You try to justify yourself through the law when your thoughts, words, and deeds are not things you are proud of. Perhaps you use the law as a distraction to place blame on others. Their actions caused your hurt feelings. They have sinned against you in some way and so you were righteous in your response. You use the law to highlight the sins of someone else, to shift the focus in hopes that God might judge on a sliding scale. At least you’re not as bad as those Pharisees, right? Or maybe you figure that you weren’t really hurting anyone else with your actions, so it’s alright. The law doesn’t speak to your situation. It doesn’t know all the details, and so you can just carry on as the righteous one. You will always try and justify your own sin and if you can find some basis for it in the law of God, why then, you are really doing well.

But all such thoughts are empty dreams. You will always lose in a game of self-righteousness through the law of God. If you cannot run from adultery through a legal claim of divorce, how can you run from pride and envy and gossip? Jesus isn’t arguing the law with these Pharisees. He’s using it to stop the argument, to hold them accountable, to declare them guilty. Guilty, just like you.

And then the text seems to take a sudden and surprising shift. From divorce to children. In fact, in the church this is the text that we use as part of our baptismal liturgy. When Jesus sees his disciples refusing the parents who are bringing their little children to him he says, “Let the children come to me; do not hinder them, for to such belongs the kingdom of God. Truly, I say to you, whoever does not receive the kingdom of God like a child shall not enter it.” It stands as a foundational text for why we baptize infants in the church; Christ commands his disciples to allow the children to come to him. And we wonder how this is connected to what we’ve just talked about. Perhaps it is a logical flow from the destruction caused by divorce to speak about children. But I think it is profoundly connected with the end of your ability to justify yourself.

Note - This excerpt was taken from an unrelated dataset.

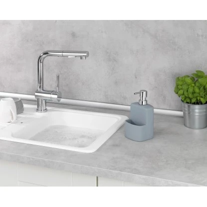 Der Wenko Spülmittelspender Festival mit griffiger Soft-Touch Oberfläche Grau setzt dezente Akzente in modernem Grau. Die hochglanzverchromte Kunststoffpumpe kombiniert mit der gummierten Keramik (Soft-Touch Keramik) sorgt für ein exklusives Ambiente in jeder Küche. Der dekorative Seifenspender kann individuell mit bis zu ca. 380 ml Spülmittel gefüllt werden. Durch leichten Druck auf den Dosierknopf wird die gewünschte Menge Spülmittel herausgepumpt. Praktisch ist die integrierte Aufbewahrungsmöglichkeit für einen Spülschwamm.

See, when you cannot use the law a means to declare yourself righteous, when you try over and again and always come up empty handed, you are in a terrifying place. You are guilty before God of transgressing his pure and holy law. Because you are guilty you deserve his wrath and judgement. There is no longer anywhere else to turn. You are emptyhanded and exposed. You are like children who cannot care for themselves, who cannot provide or protect or defend themselves. Before the law of God, you are reduced to infants with nothing to offer, nothing to barter with. And looking at you, your Lord declares, “Let the little children come to me, for to such belongs the kingdom of God.”

Those with nothing, those who confess their sins, they are the children who receive the kingdom of God. All of your tricks and schemes to make yourselves look better, all your desires to manipulate the law for your own benefit, all of it ends at the cross of Christ. There he dies for what you could not do. There his perfect love triumphs where your sin and shame have failed you.

All of this is given to you in the waters of holy baptism. His perfect love, his pure blood, his eternal righteousness, it is now yours. You have no need to justify yourself in the law for you are justified by faith alone through Christ alone! You died and rose with him in those waters and now live as a new creature. As St. Paul said, “It is no longer I who lives but Christ who lives in me.” This is who you are, you are bound with Christ and then set free to live a new life as a child of God. This is hope. This is your assurance. This is your eternal forgiveness. And what God has joined together let man not separate!